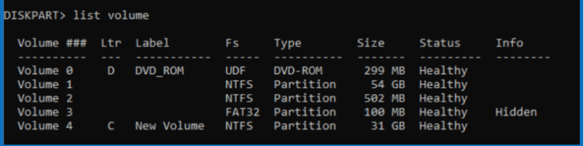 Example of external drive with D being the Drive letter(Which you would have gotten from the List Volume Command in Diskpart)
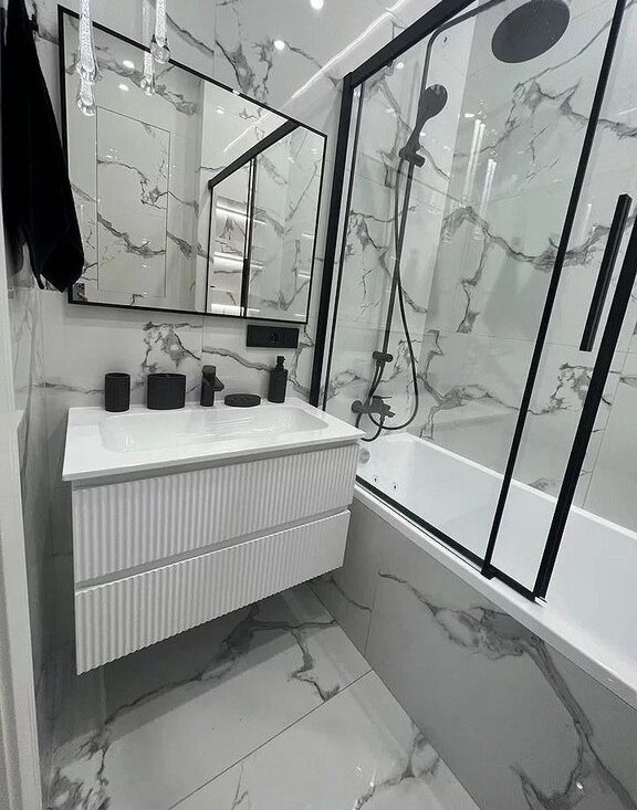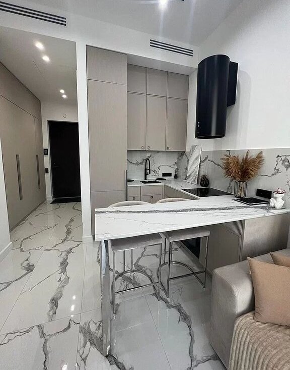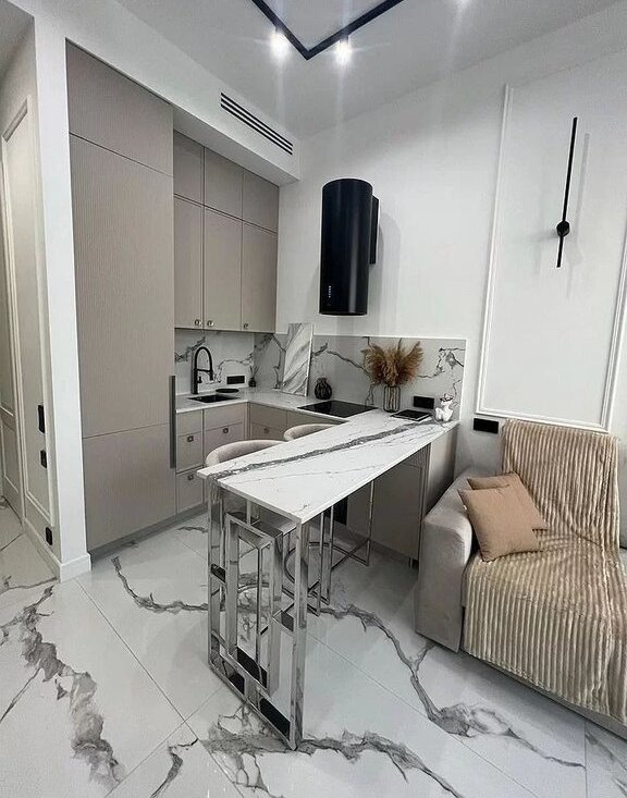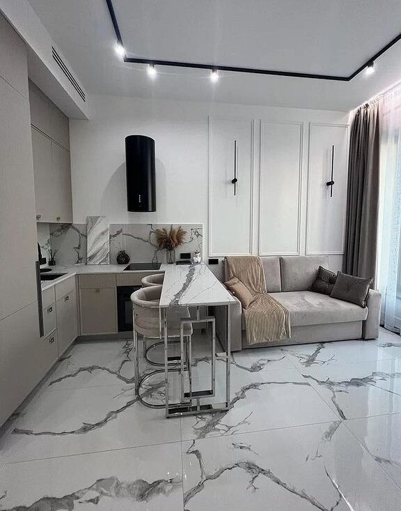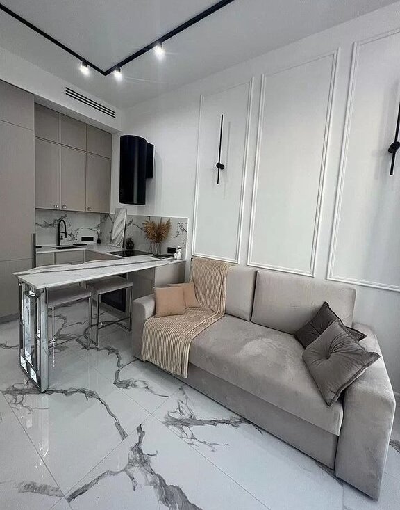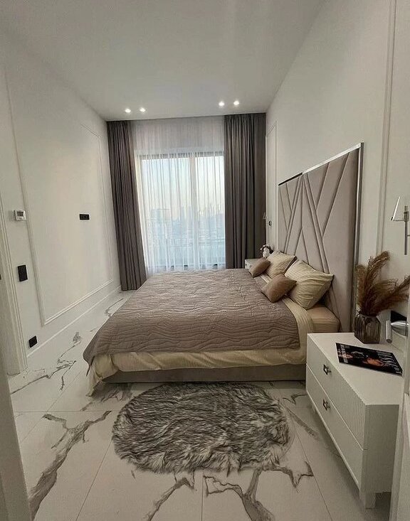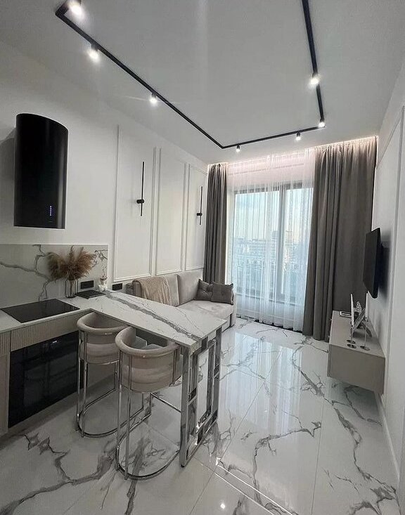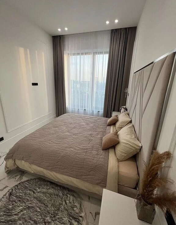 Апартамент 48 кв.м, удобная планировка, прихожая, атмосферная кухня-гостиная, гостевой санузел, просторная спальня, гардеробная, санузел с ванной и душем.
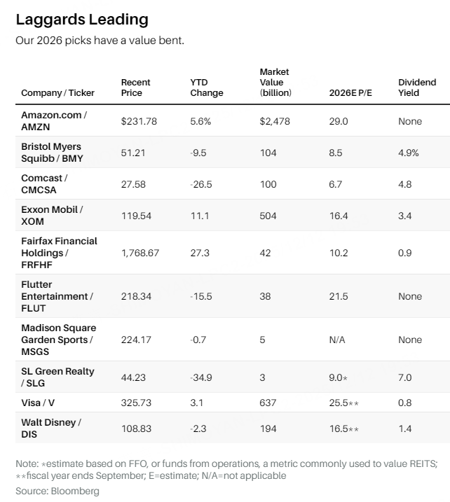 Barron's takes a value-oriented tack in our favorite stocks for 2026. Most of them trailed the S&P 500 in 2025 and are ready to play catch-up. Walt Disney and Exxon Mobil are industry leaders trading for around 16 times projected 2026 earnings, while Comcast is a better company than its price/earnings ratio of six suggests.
****************
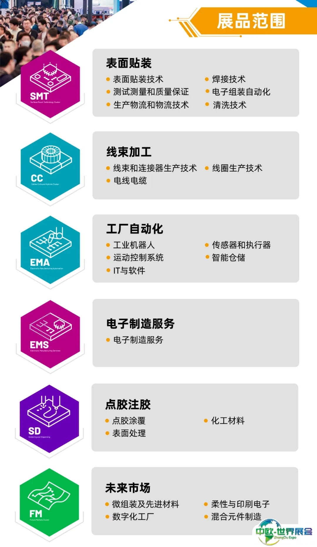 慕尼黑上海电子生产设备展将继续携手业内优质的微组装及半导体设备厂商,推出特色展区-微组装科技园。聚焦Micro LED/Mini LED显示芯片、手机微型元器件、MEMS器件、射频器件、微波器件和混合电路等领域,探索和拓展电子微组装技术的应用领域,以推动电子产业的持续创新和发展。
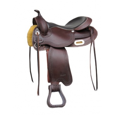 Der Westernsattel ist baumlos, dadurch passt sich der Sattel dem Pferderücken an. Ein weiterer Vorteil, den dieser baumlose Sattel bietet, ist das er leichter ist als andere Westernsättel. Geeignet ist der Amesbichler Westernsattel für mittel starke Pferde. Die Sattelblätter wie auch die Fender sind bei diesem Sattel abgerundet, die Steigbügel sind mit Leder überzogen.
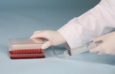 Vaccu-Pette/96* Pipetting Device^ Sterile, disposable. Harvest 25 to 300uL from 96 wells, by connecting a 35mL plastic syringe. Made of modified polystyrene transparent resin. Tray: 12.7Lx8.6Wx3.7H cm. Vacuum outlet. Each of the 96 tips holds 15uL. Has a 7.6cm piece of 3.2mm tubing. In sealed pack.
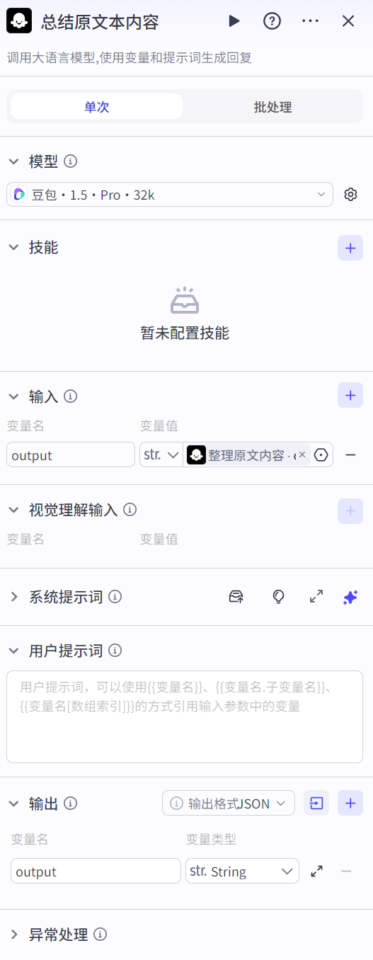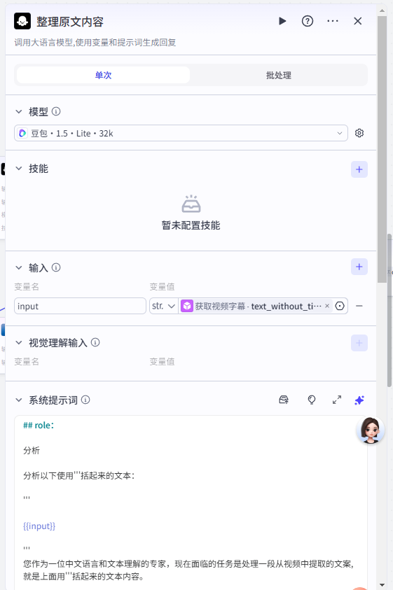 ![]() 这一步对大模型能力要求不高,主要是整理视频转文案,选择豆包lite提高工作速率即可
****************
■ **What the task requires**: Set down again, exactly, every line above from the one with "Example of external" down to the one with "Barron's takes a", both ends included. No pictures, and nothing else.

■ **Written reply**:
 Example of external drive with D being the Drive letter(Which you would have gotten from the List Volume Command in Diskpart)
 Апартамент 48 кв.м, удобная планировка, прихожая, атмосферная кухня-гостиная, гостевой санузел, просторная спальня, гардеробная, санузел с ванной и душем.
 Barron's takes a value-oriented tack in our favorite stocks for 2026. Most of them trailed the S&P 500 in 2025 and are ready to play catch-up. Walt Disney and Exxon Mobil are industry leaders trading for around 16 times projected 2026 earnings, while Comcast is a better company than its price/earnings ratio of six suggests.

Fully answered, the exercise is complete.